Copenhagen Wolves RFC
- Full name: Copenhagen Wolves Rugby Football Club
- Nickname: The Wolves
- Founded: 2017
- Location: Copenhagen, Denmark
- Chairman: Wai Hoe Chum
- Coach(es): Iain Todd (head), Peter Munk
- Captain: Brendan Fitzpatrick
- League: 2. Division
| Team kit |

= Copenhagen Wolves RFC =

Copenhagen Wolves RFC is the rugby section of Pan Idræt, and is a member of the Danish Rugby Union (Rugby Danmark) and the International Gay Rugby (IGR).
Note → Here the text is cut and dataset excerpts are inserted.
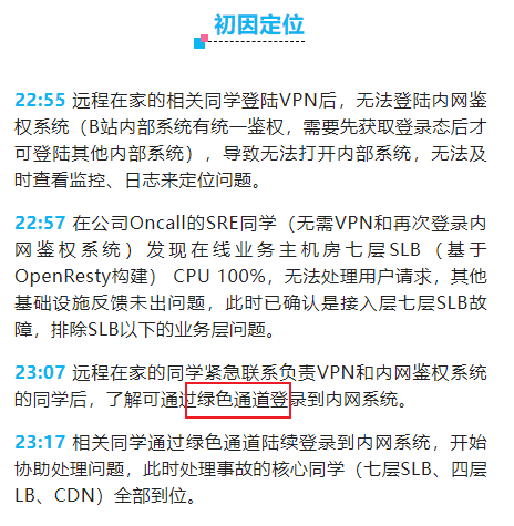 就这样,被占满的CPU一口气把别的业务也带崩了。还得前面提到的在家的B站程序员没法在家通过VPN来抢救网络么?没错,他们登录内网的时候,其中有部分服务也需要通过内网来处理。。。
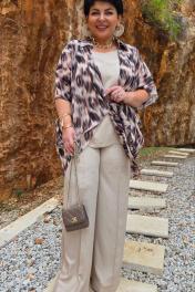 Летние брюки в бежевом оттенке— это не просто предмет гардероба, а инструмент самовыражения. Они сочетают в себе практичность и элегантность городских брюк, натуральность оттенков и универсальность нейтральной палитры. Эти брюки подходят для женщины, которая не делит жизнь на "повседневное" и "особенное" — для неё каждый день может быть особенным, если правильно его одеть. Они говорят: "Я готова к приключениям, но делаю это стильно". В конце концов, настоящий стиль — это не про следование правилам, а про умение создавать свои, и брюки светлом оттенке дают для этого идеальный холст. Сочетания: с спортивным топом — для активного дня; с oversize — расслабленный вайб; с футболкой с графическим принтом — молодёжный дух. Брюки прямого силуэта с притачным поясом на эластичной тесьме-резинке, что обеспечивает максимально удобную посадку на любой тип фигуры. По переду брюк застрочены «кантики». Это конструктивный приём, который позволяет визуально вытягивать фигуру. По переду брюк наклонные карманы. Длина брюк 108 см. Брюки 52 54 56 58 60 62 ширина по талии 84/114 88/118 92/122 96/126 100/130 104/134 обхват бедер 125 129 133 137 141 145
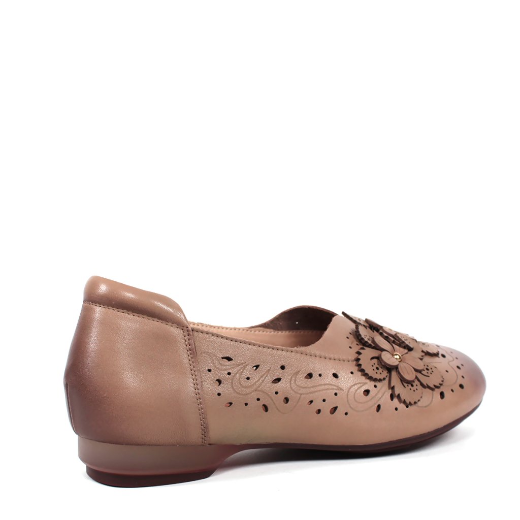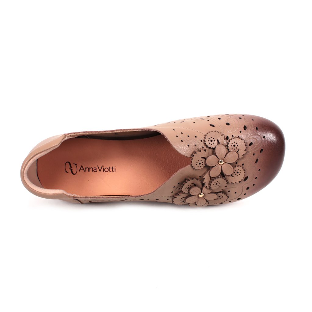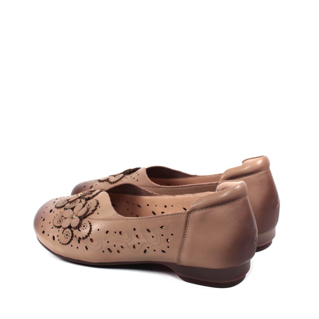 Tieto dámske poltopánky predstavujú dokonalé spojenie klasickej elegancie a každodenného pohodlia. Obuv je vyrobená z jemnej kože v hnedom odtieni, ktorú ozvláštňuje tmavšia patina na špičke. Zvršok topánky zdobí precízny laserom vyrezávaný vzor a romantické kožené kvetinové aplikácie, ktoré dodávajú celkovému vzhľadu ženský šarm. Nízky podpätok a mäkké vnútro zaisťujú celodenný komfort, vďaka čomu sú ideálnou voľbou do kancelárie aj na prechádzky mestom.
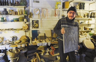 1月9日,在叙利亚大马士革城中的传统工艺市场,石雕手工艺人巴达尔展示他的仿制手工艺品《亚述帝国时期神话人物》。
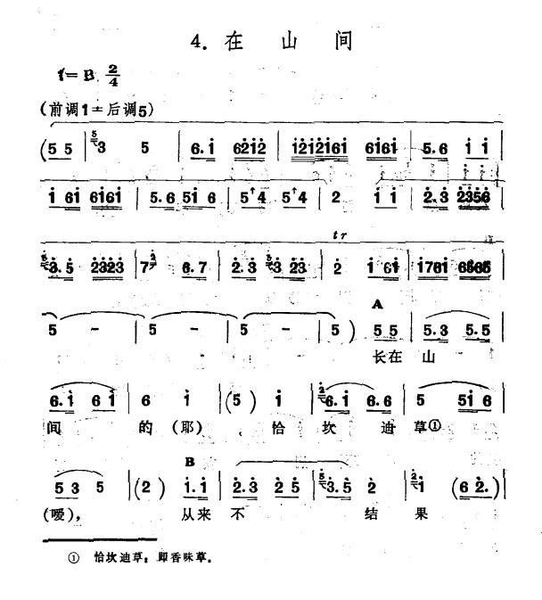 《在山间(新疆伊犁 维吾尔民歌 第十二套《小莱龙》)》简谱

As Denmark's only LGBT+ inclusive rugby team, the Wolves promote diversity, inclusivity, and visibility for LGBT+ individuals in rugby.

==Background==

Following the principles of Denmark's first inclusive rugby team, CPH Scrums RFC (est. 2004, renamed Copenhagen Wolves RFC in 2011, and revived in 2017), the team provides a welcoming environment for anyone interested in rugby, regardless of experience or background.

==Aims and activities==

The Wolves are committed to inclusivity and actively campaign for inclusion of transgender players while working to grow and diversify the rugby community in Denmark. They also participate in local and international matches as a member of Rugby Danmark and the IGR, respectively.